Although Goya painted the Ferrer picture from memory, it has a sense of immediacy - as if he had just witnessed the gory event. The oil on canvas measuring just 50cm by 60cm (20in by 23 1/2 in), shows the bull just after goring two horses to death in the arena. A group of matadors are huddled together behind the picador's blood-covered horse.
Hugh Brigstocke, of Sotheby's Old Master department, said: 'The undoubted quality of this painting, together with its provenance, makes it the yardstick against which all other bullfighting pictures by Goya must be measured.'
The work is in superlative condition. It has been X-rayed and studied by the Courtauld Institute Galleries in London. The
X-rays illustrate how Goya applied the paint with a palette knife, a brush or with his thumb or fingers wrapped in a rag. They also give an insight into his method: they reveal many small alterations to the composition.
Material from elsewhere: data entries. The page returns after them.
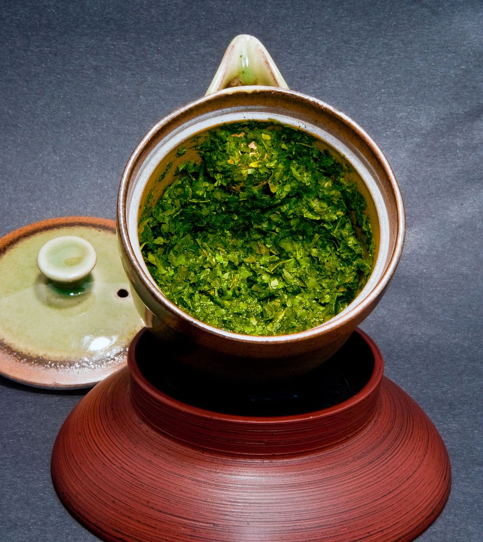 Proinsias's note prompted me to brew the second half of my Tencha. This is really good stuff. Thanks again, Pentox! Here's the wet leaves. It looks looks like a Florida swamp: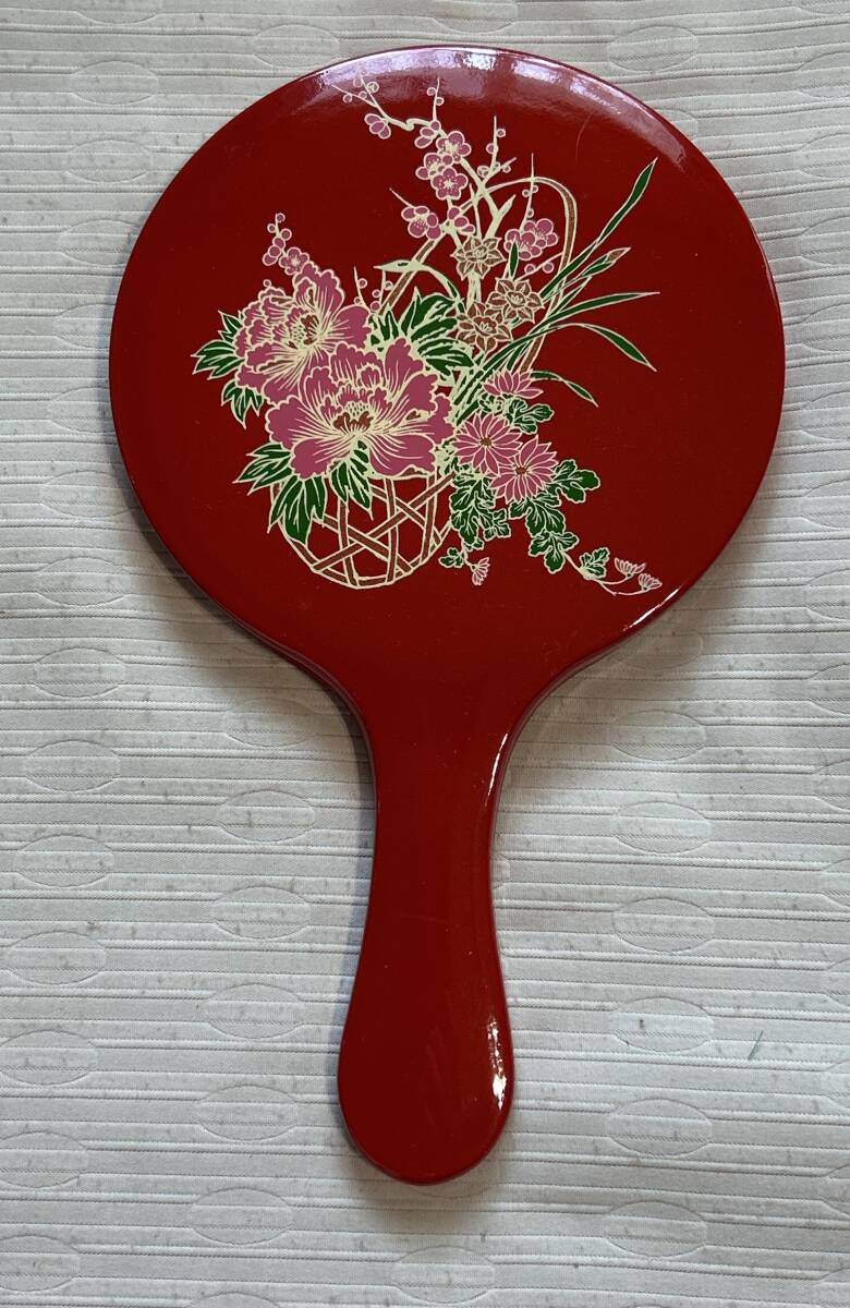 - 手鏡 あわせ鏡 古い昭和レトロ品 伝統工芸 塗り細工 花模様インテリアにどうぞ■■未使用箱付き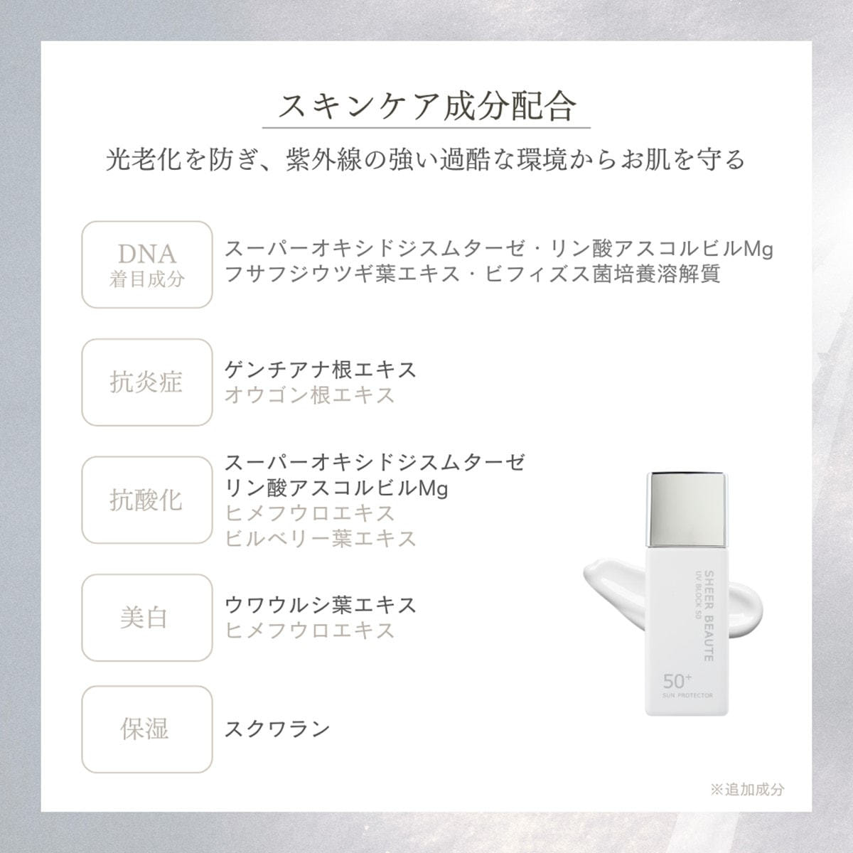 高い紫外線環境を考慮した美容成分を配合し、日中のお肌をトータルに守ります。

The painting has been exhibited in public only three times since the day it was painted - in Madrid in 1900, Bordeaux in 1951 and Arles in 1990.
Sotheby's in New York hopes to whet the appetite of contemporary art collectors with Claes
Oldenburg's Cheesecake. This is one of his pop objects, created with muslin soaked in plaster over wire, which date from the early Sixties. Sotheby's estimates the piece will fetch dollars 35,000 to dollars 45,000 ( pounds 20,000 to pounds 26,000).
The sale offers another early Sixties pop icon, Arman's 'accumulation' of clocks piled up high in a glass cloche. It is estimated at dollars 35,000 to dollars 45,000.